The 351st Operations Group is an inactive unit of the United States Air Force. Its last assignment was with the 351st Missile Wing at Whiteman Air Force Base, Missouri. It was inactivated on 31 July 1995.

==History==
 For additional history and lineage, see 351st Missile Wing

===Strategic Missiles===
Activated as the 351st Operations Group on 1 September 1991 under the Objective Wing concept adapted by the Air Force. The ICBM squadrons of the renamed 351st Missile Wing were reassigned to the newly established group.

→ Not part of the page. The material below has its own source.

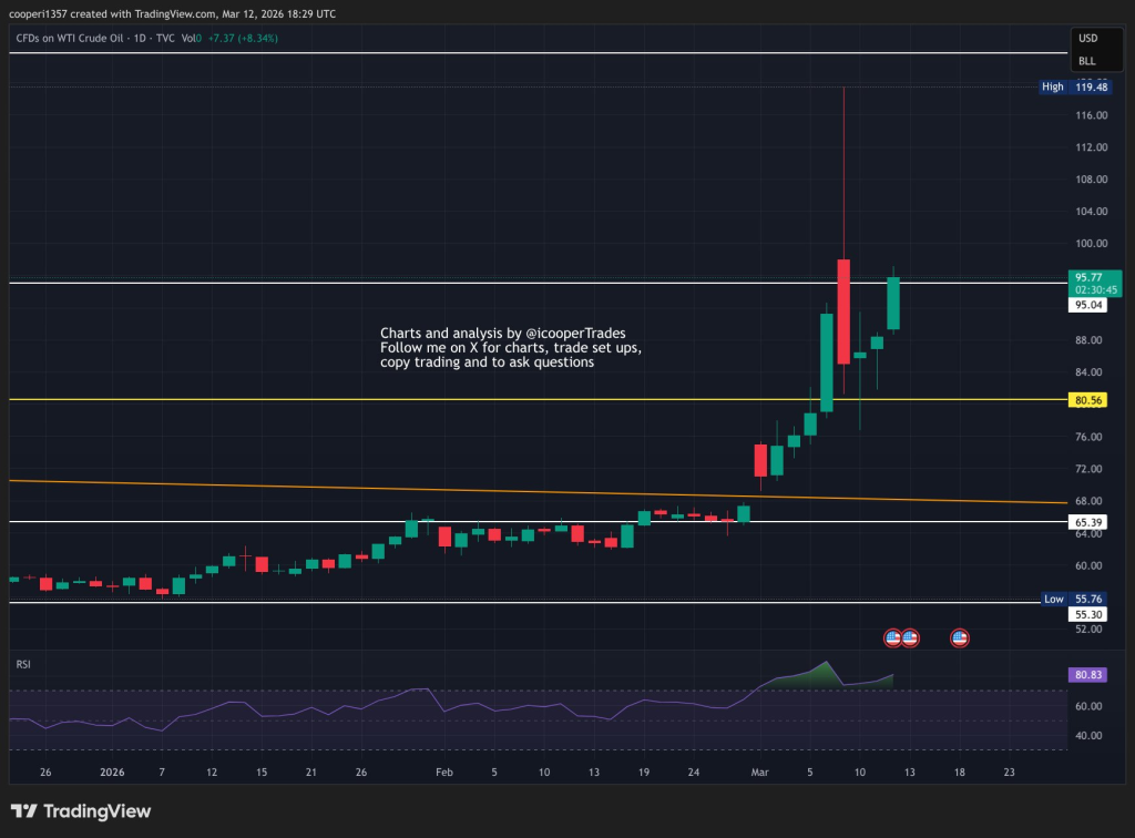 Market attention is now centered on how WTI oil behaves within the $95 to $100 resistance zone, which could act as a decision area for the next move. A rejection could trigger a pullback toward the $80 support region, while a breakout above $100 could signal continued bullish momentum. However, sentiment indicators are not fully aligned with the bullish price action.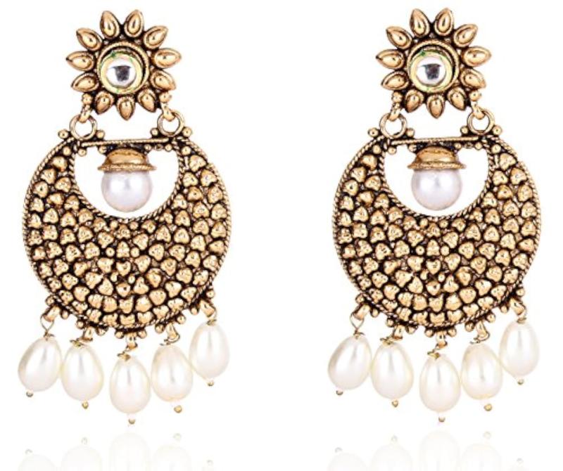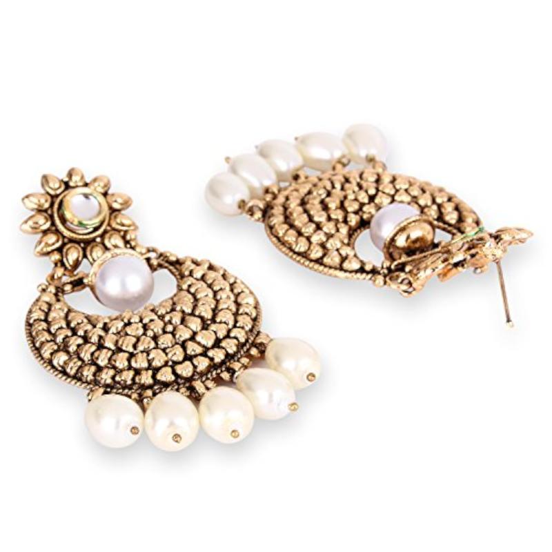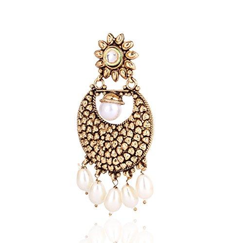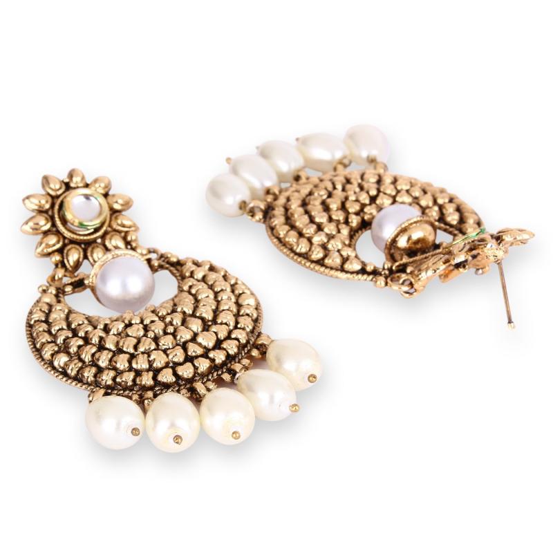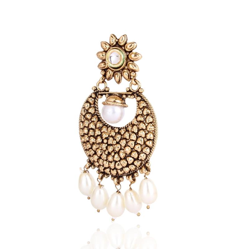 Add a touch of elegance to your ensemble with these antique plated copper earrings featuring Kundan and pearl drops. Perfect for special occasions or everyday wear.

On 28 September 1991, in response to President Bush's directive to stand down the Minuteman II, personnel of the 351 OG began to dissipate launch codes and pin safety control switches at launch control centers.

On 1 June 1992, the 351 OG was relieved of its emergency war order mission and its primary focus was deactivation of the Minuteman II weapon system. This day also marked the end of SAC and the beginning of Air Combat Command (ACC).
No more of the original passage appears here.